Super Mario 64 ushered the platforming game play of old into the 3d realm, setting a very high standard for the Mario series and video games in general. When Super Mario Sunshine failed to recapture that special Mario magic, it was with cautious optimism that we awaited Super Mario Galaxy. New Super Mario Bros for the DS proved to be an enjoyable romp down memory lane, so perhaps Galaxy was worth getting excited about. Little did we know just how great it was…

In the game’s spectacular intro, Bowser’s fleet of airships blitzes the Mushroom Kingdom to the menacing tune we last heard in Mario 3. Before Mario can do much of anything, a UFO captures the castle (Princess Peach included) in its tractor beam and takes off into the starry sky. And so begins Mario’s latest and greatest adventure!


The controls are spot on, and this is especially important in a game where you will often be moving upside down and inside-out.

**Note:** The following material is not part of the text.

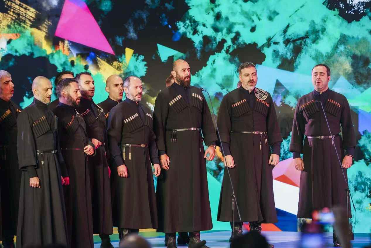 “太美妙了!两种完全不同的音乐风格,却能够如此和谐地交融在一起。”辽宁游客周红赞叹。来自中国贵州的侗族大歌与格鲁吉亚复调演唱同台,悠扬婉转的侗族多声部大歌与雄浑厚重的格鲁吉亚复调叠韵相和,两种源自不同文明的多声部演唱构成了一场跨越山海的“对话”。

While the Wii remote’s unique functionality does come into play for certain levels, for the most part Galaxy controls like previous 3d Mario titles, and that’s a good thing. Simple but surprisingly versatile controls, before long you’ll be running around small planets stomping goombas like you used to.

Meanwhile, you’ll use the Wii remote as a pointer to collect starbits (used as currency throughout the world of the Lumas). You’ll shake it to perform a Crash Bandicoot-style whirlwind attack (useful for stunning enemies or shattering blocks), and in some stages the motion-sensing functions are used to surf on the back of a manta ray or balance atop a rolling ball. Some of my favorite levels involve using the Wii remote as a kind of fan to blow Mario around in a floating bubble, ala cult-classic Bubble Ghost.


One small step for a plumber, one giant leap for Nintendo

Galaxy is an interesting departure for the series. Mario hops from planet to planet (many of them rather small but some as large as an entire level), each with their own gravity. Unless there’s a black hole nearby, Mario can jump or fall off one side of the level and end up on the other! In 2.5D stages reminiscent of the classics, Mario jumps between switching gravity fields which push and pull him in all directions. Like Mario 64 and Sunshine, Galaxy provides countless hours of enjoyment with some 120 stars to rescue, and unlike previous installments there’s very little filler and plenty of new ground to be covered in each stage.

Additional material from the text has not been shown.